**Your instructions**: Lines from the one containing "Nature Neurosc" to the end of the records, both ends included and exactly as written, are the whole answer, and no pictures go in it.

**Records shown**:

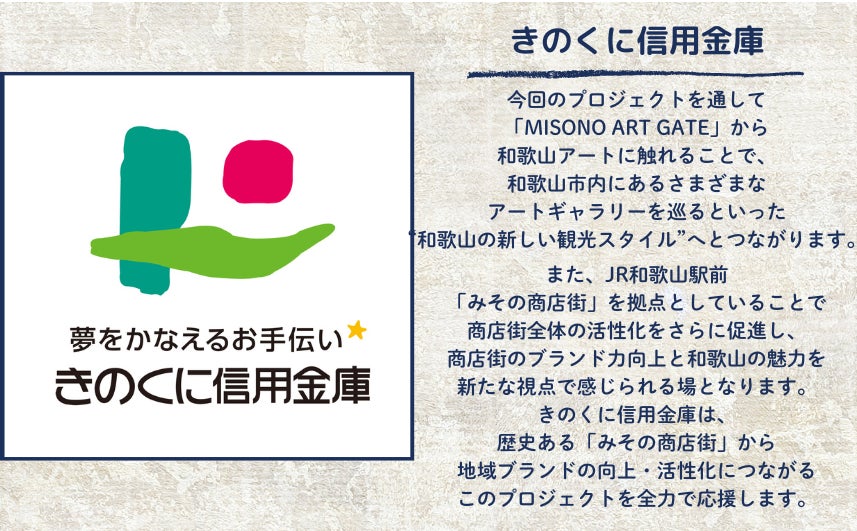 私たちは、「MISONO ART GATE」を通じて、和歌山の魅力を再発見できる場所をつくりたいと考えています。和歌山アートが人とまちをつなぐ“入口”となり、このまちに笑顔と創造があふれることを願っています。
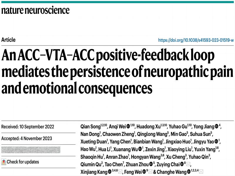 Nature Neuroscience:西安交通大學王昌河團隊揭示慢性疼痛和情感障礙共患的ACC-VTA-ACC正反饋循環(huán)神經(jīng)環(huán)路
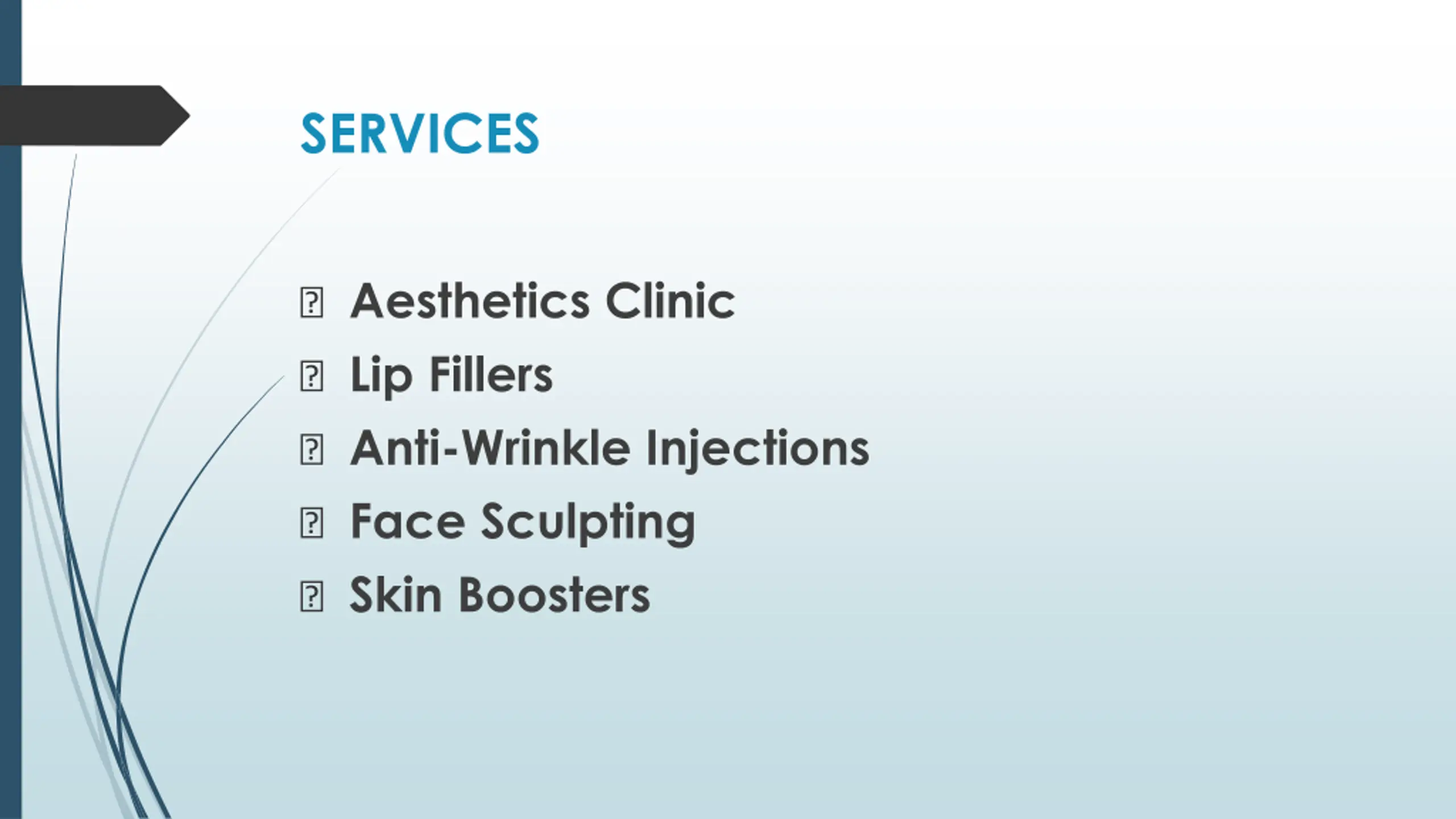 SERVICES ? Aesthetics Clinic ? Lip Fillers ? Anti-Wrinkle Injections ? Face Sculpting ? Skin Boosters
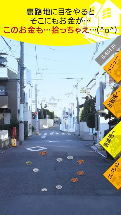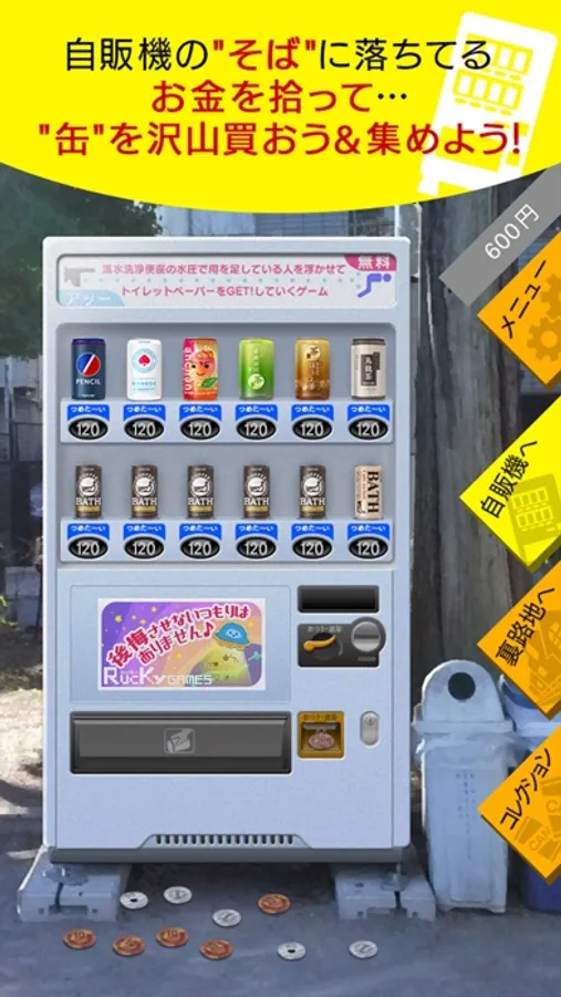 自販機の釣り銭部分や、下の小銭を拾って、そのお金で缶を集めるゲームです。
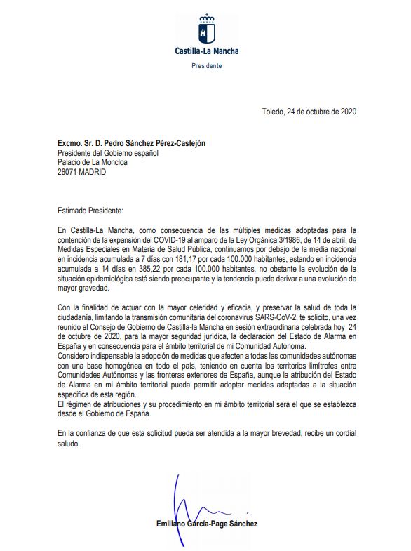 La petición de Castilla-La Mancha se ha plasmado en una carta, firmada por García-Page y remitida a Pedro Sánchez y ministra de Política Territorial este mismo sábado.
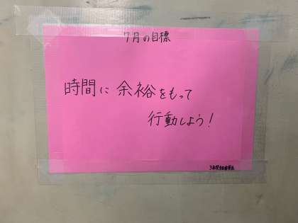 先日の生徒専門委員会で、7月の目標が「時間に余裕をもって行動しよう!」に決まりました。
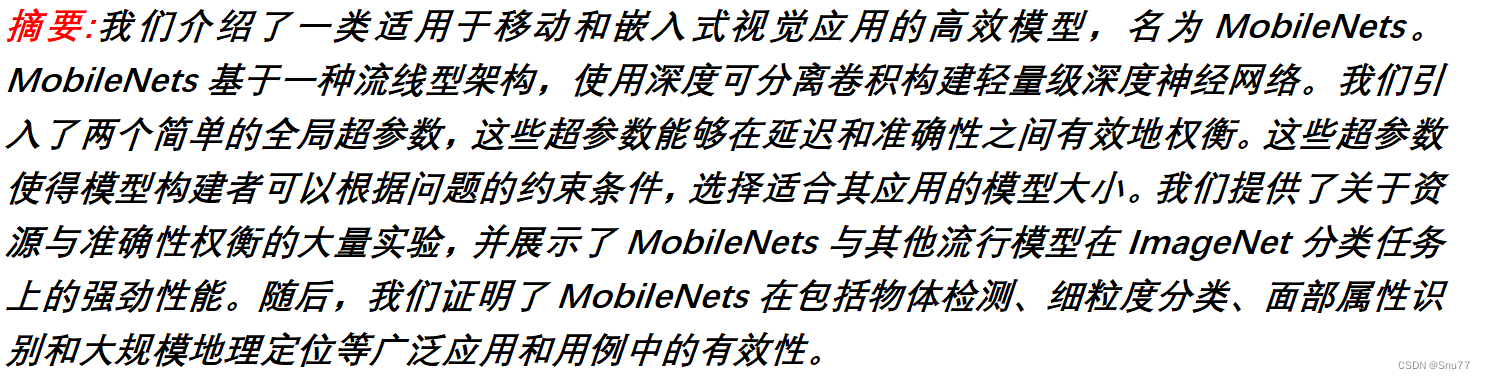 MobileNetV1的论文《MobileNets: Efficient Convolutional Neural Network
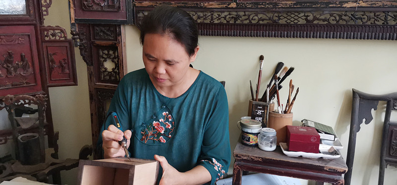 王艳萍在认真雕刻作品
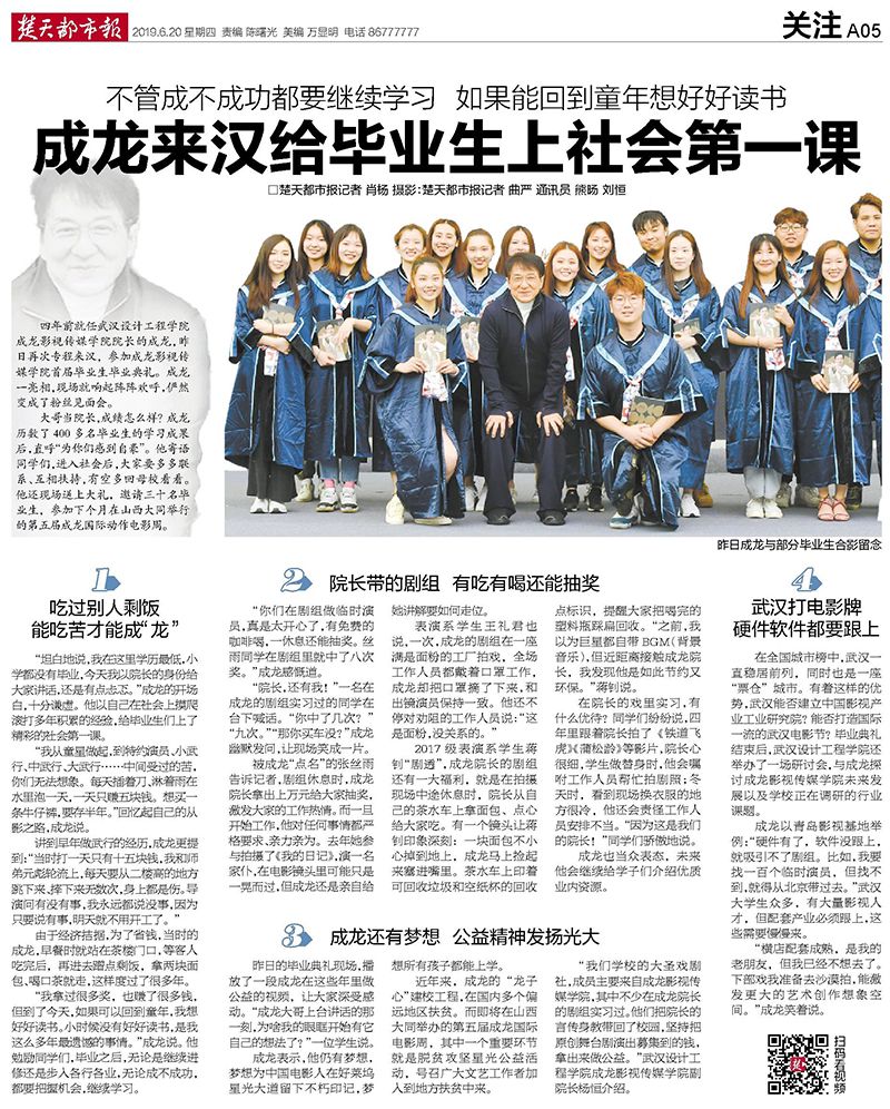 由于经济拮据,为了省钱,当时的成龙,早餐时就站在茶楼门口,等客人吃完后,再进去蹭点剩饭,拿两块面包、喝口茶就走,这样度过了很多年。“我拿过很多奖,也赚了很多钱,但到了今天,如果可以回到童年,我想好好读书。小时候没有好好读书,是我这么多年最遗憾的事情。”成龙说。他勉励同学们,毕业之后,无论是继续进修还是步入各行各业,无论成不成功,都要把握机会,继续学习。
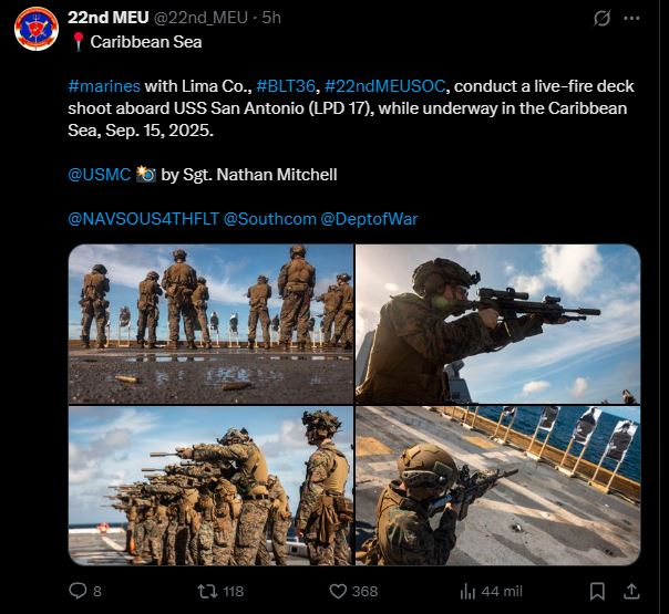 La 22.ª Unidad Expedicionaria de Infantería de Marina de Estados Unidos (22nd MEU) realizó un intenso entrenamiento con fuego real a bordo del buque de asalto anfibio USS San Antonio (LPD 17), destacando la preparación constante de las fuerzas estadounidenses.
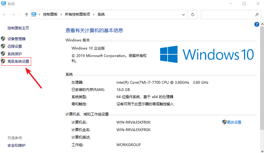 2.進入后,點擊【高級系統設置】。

**Expected answer**:
 Nature Neuroscience:西安交通大學王昌河團隊揭示慢性疼痛和情感障礙共患的ACC-VTA-ACC正反饋循環(huán)神經(jīng)環(huán)路
 SERVICES ? Aesthetics Clinic ? Lip Fillers ? Anti-Wrinkle Injections ? Face Sculpting ? Skin Boosters
 自販機の釣り銭部分や、下の小銭を拾って、そのお金で缶を集めるゲームです。
 La petición de Castilla-La Mancha se ha plasmado en una carta, firmada por García-Page y remitida a Pedro Sánchez y ministra de Política Territorial este mismo sábado.
 先日の生徒専門委員会で、7月の目標が「時間に余裕をもって行動しよう!」に決まりました。
 MobileNetV1的论文《MobileNets: Efficient Convolutional Neural Network
 王艳萍在认真雕刻作品
 由于经济拮据,为了省钱,当时的成龙,早餐时就站在茶楼门口,等客人吃完后,再进去蹭点剩饭,拿两块面包、喝口茶就走,这样度过了很多年。“我拿过很多奖,也赚了很多钱,但到了今天,如果可以回到童年,我想好好读书。小时候没有好好读书,是我这么多年最遗憾的事情。”成龙说。他勉励同学们,毕业之后,无论是继续进修还是步入各行各业,无论成不成功,都要把握机会,继续学习。
 La 22.ª Unidad Expedicionaria de Infantería de Marina de Estados Unidos (22nd MEU) realizó un intenso entrenamiento con fuego real a bordo del buque de asalto anfibio USS San Antonio (LPD 17), destacando la preparación constante de las fuerzas estadounidenses.
 2.進入后,點擊【高級系統設置】。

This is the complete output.